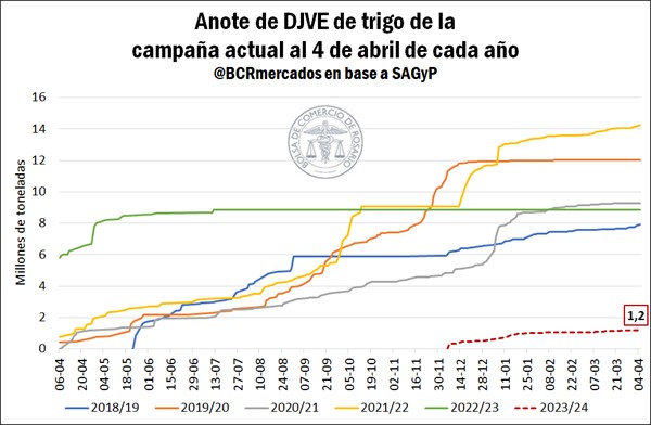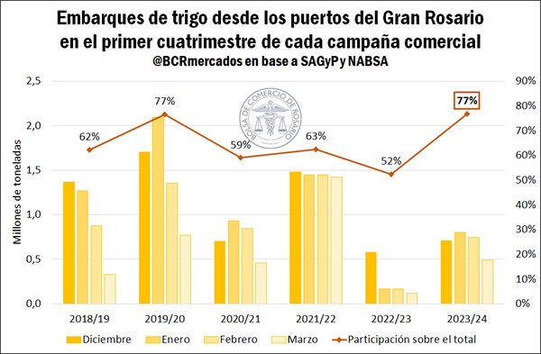 Estos números guardan sentido dado que aproximadamente 5,8 Mt de trigo comprometido a exportarse durante 2022/23 se rollearon – tras previa autorización - para embarcarse este año ante el contexto de una extraordinaria sequía, por lo que se estima que la mayor parte de las exportaciones que se efectúen durante esta campaña ya han sido declaradas durante el ciclo previo. De hecho, de las 4,7 Mt del cereal exportadas de diciembre a marzo, sólo 467.200 toneladas tenían previsto despacharse de acuerdo con el anote de DJVE de trigo 2023/24, lo que indica que casi la totalidad de la mercadería se exportó para cumplir con compromisos previamente asumidos.
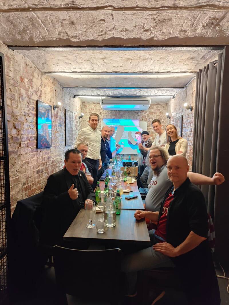 4.3.2025 Olimme noin 10 hengen porukalla Helsingissä Woolshedissä katsomassa Villan hienoa vierasvoittoa Bruggestä. Hauskaa oli porukalla juhlia voittoa ja paikka puolivälierissä on lähellä!
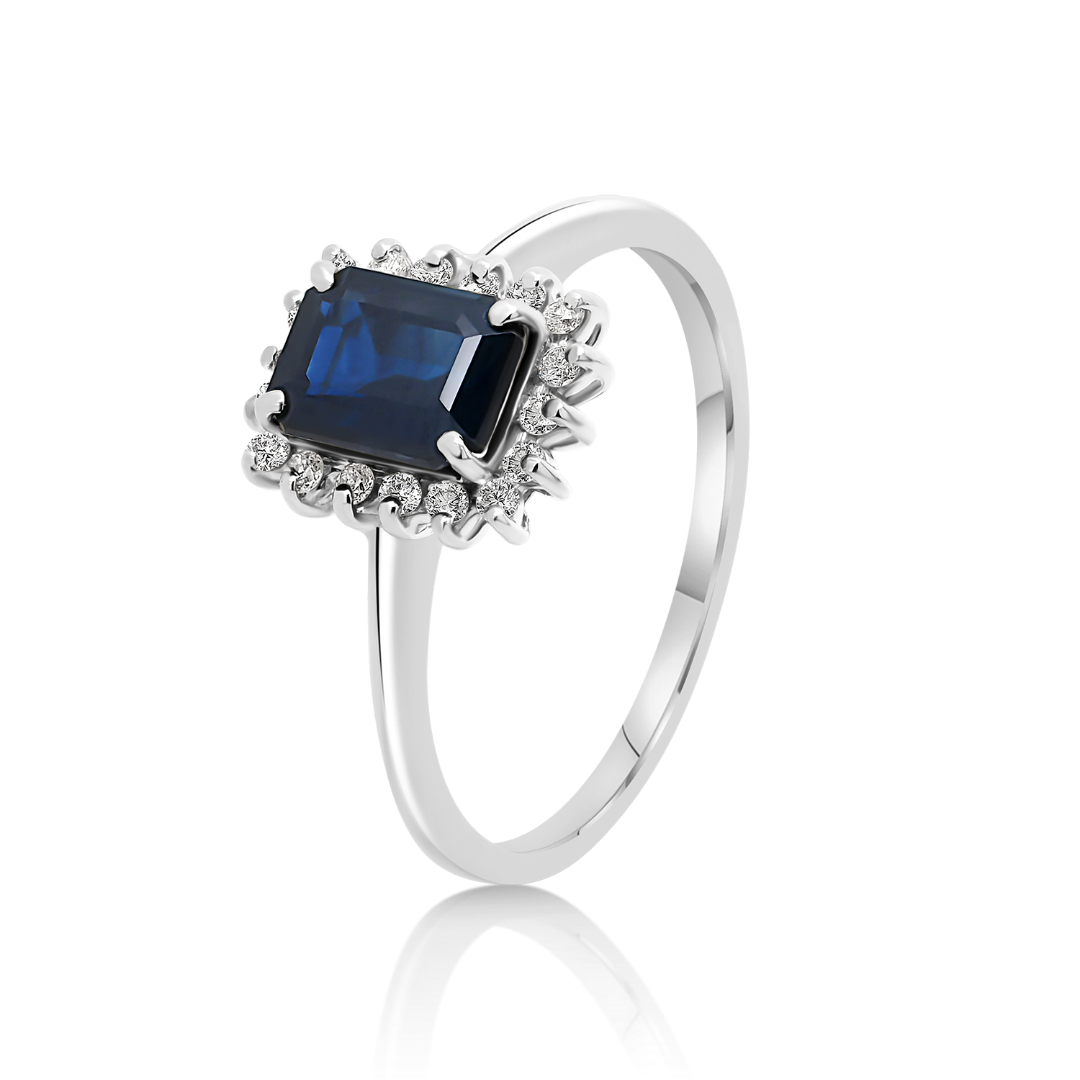 Inel din aur alb de 18K cu un Safir albastru și Diamante Round Brilliant.

## Work instructions
Output the whole listing exactly. Pictures stay out.

## Answer section
 Estos números guardan sentido dado que aproximadamente 5,8 Mt de trigo comprometido a exportarse durante 2022/23 se rollearon – tras previa autorización - para embarcarse este año ante el contexto de una extraordinaria sequía, por lo que se estima que la mayor parte de las exportaciones que se efectúen durante esta campaña ya han sido declaradas durante el ciclo previo. De hecho, de las 4,7 Mt del cereal exportadas de diciembre a marzo, sólo 467.200 toneladas tenían previsto despacharse de acuerdo con el anote de DJVE de trigo 2023/24, lo que indica que casi la totalidad de la mercadería se exportó para cumplir con compromisos previamente asumidos.
 4.3.2025 Olimme noin 10 hengen porukalla Helsingissä Woolshedissä katsomassa Villan hienoa vierasvoittoa Bruggestä. Hauskaa oli porukalla juhlia voittoa ja paikka puolivälierissä on lähellä!
 Inel din aur alb de 18K cu un Safir albastru și Diamante Round Brilliant.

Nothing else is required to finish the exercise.